From the NK IS (the $\mathbb{E}_t[\hat{x}_{t+1}] = x$ terms cancel):

0 = \sigma\pi + \sigma r^n + (1-n_G)\hat{g}.

(19)

From the NKPC:

\pi(1-\beta) = \kappa x.

(20)

Solving the NKPC for $\pi$ : $\pi = \kappa x/(1-\beta)$ .

Substituting into the IS:

0 = \sigma\frac{\kappa x}{1-\beta} + \sigma r^n + (1-n_G)\hat{g}.

(21)

x\frac{\sigma\kappa}{1-\beta} = -\sigma r^n - (1-n_G)\hat{g}.

(22)

The equilibrium output gap without the fiscal stimulus ( $\hat{g} = 0$ ):

x_0 = -\frac{(1-\beta)r^n}{\kappa}.

(23)

The change in output from the fiscal stimulus:

\Delta x = x - x_0 = -\frac{(1-n_G)(1-\beta)}{\sigma\kappa}\hat{g}.

(24)

Wait — this has the wrong sign. Let me redo the signs carefully.

From the constant-equilibrium IS:

x = x + \sigma\pi + \sigma r^n + (1-n_G)\hat{g}.

(25)

This gives $0 = \sigma\pi + \sigma r^n + (1-n_G)\hat{g}$ , so $\sigma\pi = -(1-n_G)\hat{g} - \sigma r^n$ .

From the NKPC: $\pi = \kappa x/(1-\beta)$ .

Substituting: $\sigma\kappa x/(1-\beta) = -(1-n_G)\hat{g} - \sigma r^n$ .

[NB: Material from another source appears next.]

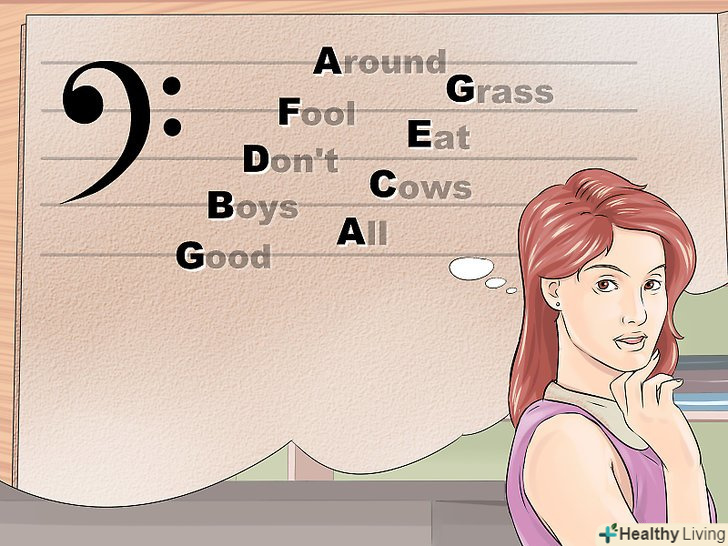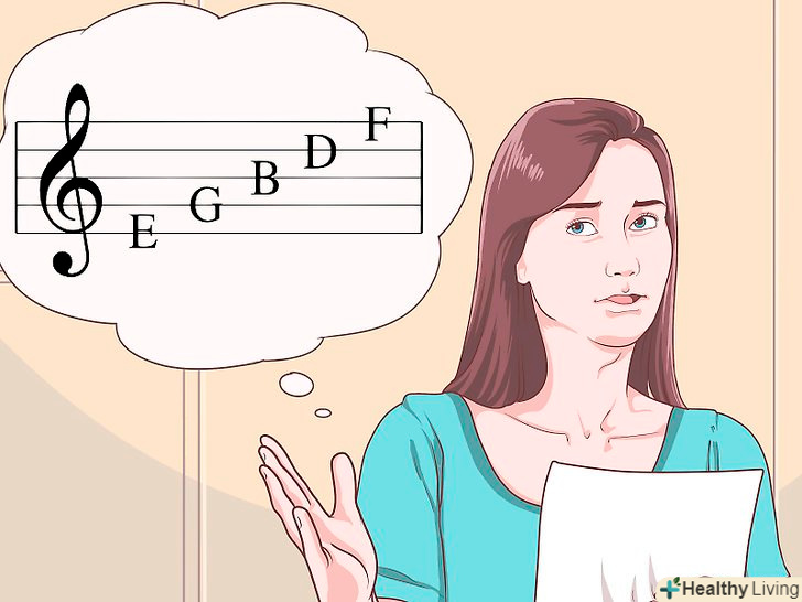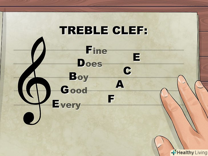 - Якщо вам важко їх запам'ятати, використовуйте для цього мнемоніку. Для ліній найчастіше використовують мнемоніку "Every Good Boy Does Fine" (англ. "у кожного хорошого хлопчика все добре»), а ноти в проміжках і так складають слово «FACE» (англ. «особа»). Вправи зонлайн-інструментом з розпізнавання нот — це ще один відмінний спосіб закріпити матеріал.

x = -\frac{(1-\beta)[(1-n_G)\hat{g} + \sigma r^n]}{\sigma\kappa}.

(26)

With $r^n < 0$ (the natural rate is negative at the ELB, which is why the ELB is binding), the no-stimulus output gap $x_0 = -(1-\beta)r^n/\kappa > 0$ ... this doesn’t look right.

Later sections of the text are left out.